One day, Sir S asked me: “Do you play MineCraft? “

“Yes, but I prefer to see other people’s world on B.” I replied.

“I feel like I’m programming now, like I’m playing in my world.” Mr. S said with a smile.

“Ever feel like you’ve mastered the basic syntax of Python, watching someone else run around with Python, and you don’t know what to do with it?”

“Well, you know me.”

“Then learn a miscellaneous science.”

So I lured Mr. S. here to write a reptile with me.

Later, Mr. S left Company B.

Three months later, I left, too.

We never saw each other again.

The most important ability of programming is flexibility

Mr. S is an honest boy.

In the process of developing a crawler, the data returned to him by the website interface appeared to be in JSON format, so he used Python’s own JSON library to parse it. Parsing failed. Because these things that look like JSON don’t have double quotes.

Is it a JSON superset? S did a search and found that it might be possible to parse this data using the YMAL library. So install YMAL library, a parse error again.

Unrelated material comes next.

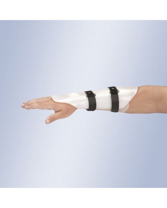 Fabricada en polietileno de baja densidad compuesta por 2 valvas unidas entre si, mediante cinchas de velour y cierre de microgancho. En su cara dorsal se encuentra prolongada en la mano hasta la articulación metacarpofalángica. Acolchado interior en plastazote.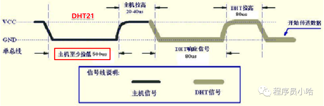 DHT11和DHT21的主線拉低的時間不同,DHT11主機(MCU)至少拉低18ms,DHT21主機(MCU)至少拉低500us,為了程序上兼容,我們一般將總線拉低25ms,這樣DHT11和DHT21的驅(qū)動程序就可以兼容了。

Is this data directly a Python dictionary? So Sir S used the evil Eval. Error: null and lowercase true

“Why don’t you try using regular expressions directly?” I said to Mr. S.

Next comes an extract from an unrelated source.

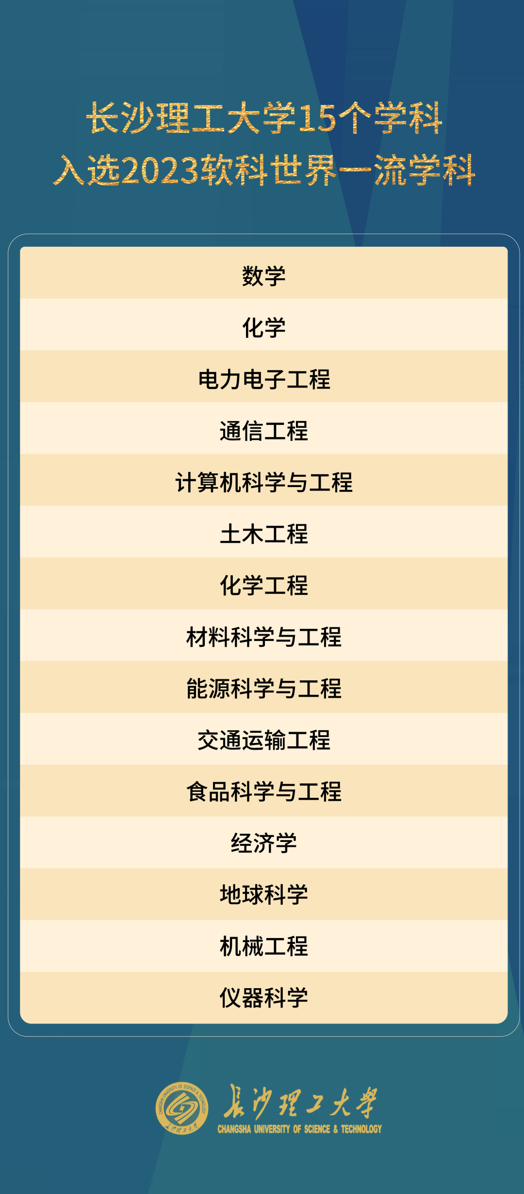 软科世界一流学科!长理入选15个!

“Depend!” Mr. S slaps the table, and the boss next to him is so frightened that he spills the happy water from the enamel cup on his white shirt.

Sjun then used regular expressions to end the fight in 10 seconds.

About reptiles and the Three Gorges Dam

One day, Mr. S came to me excitedly and said, “I have realized the great function of the Three Gorges Dam!”

“Are you a reptile engineer or a hydraulic engineer?”

“You know, no matter how rough the water is upstream, it’s always safe and stable coming out of the dam.” Mr. S did not answer my question, but said to himself.

“So you started using Kafka. Yes, I can teach you.”

S gentleman spit out tongue once: “still master teach square.”

Not long ago, S Jun’s crawler just reached the goal of 10 million data per day. But he was happy for only one day. Because he found that once the data was written to the database, it was cumbersome to read.

S has multiple data analysis systems that need to read crawler data from the database, but it is a slow process to find specific data from tens of millions of data per day. If the program crashes due to an exception, it has to read from the beginning again.

Mr. S asked me, “Now I have to read data from the database for every data analysis script, which has done so much repetitive work that the single-node database can hardly hold up. Am I going to learn how to build a cluster?”

I told Mr. S, “Of course you need to do this later. But for now, you can try Kafka. I’ve built a Kafka cluster, and you can use it like this…” .

Later, He had all the crawlers send the data directly to Kafka and then read it from Kafka. There was a Group for backing up raw data, a Group for generating intermediate tables, a Group for monitoring alarms, and a Group for drawing dashboards. No matter how much and how fast the crawler stuffs Kafka, the place reading the data from Kafka can consume and use it at its own pace.

Now that we’ve collected the data we need to make it glow

Mr. S majored in financial mathematics and statistics when he studied in Canada. So he’s also interested in data analysis. After his crawler had collected enough data, I showed him how to use Pandas to analyze the data.

Mr. S shared the hotel price change data he analyzed with us. I am a young Jupyter student with a background in finance, mathematics, and statistics. The data not only perfectly reproduced price movements over the past year, but also predicted any future changes, with forty-six charts that seemed to run out of combinations.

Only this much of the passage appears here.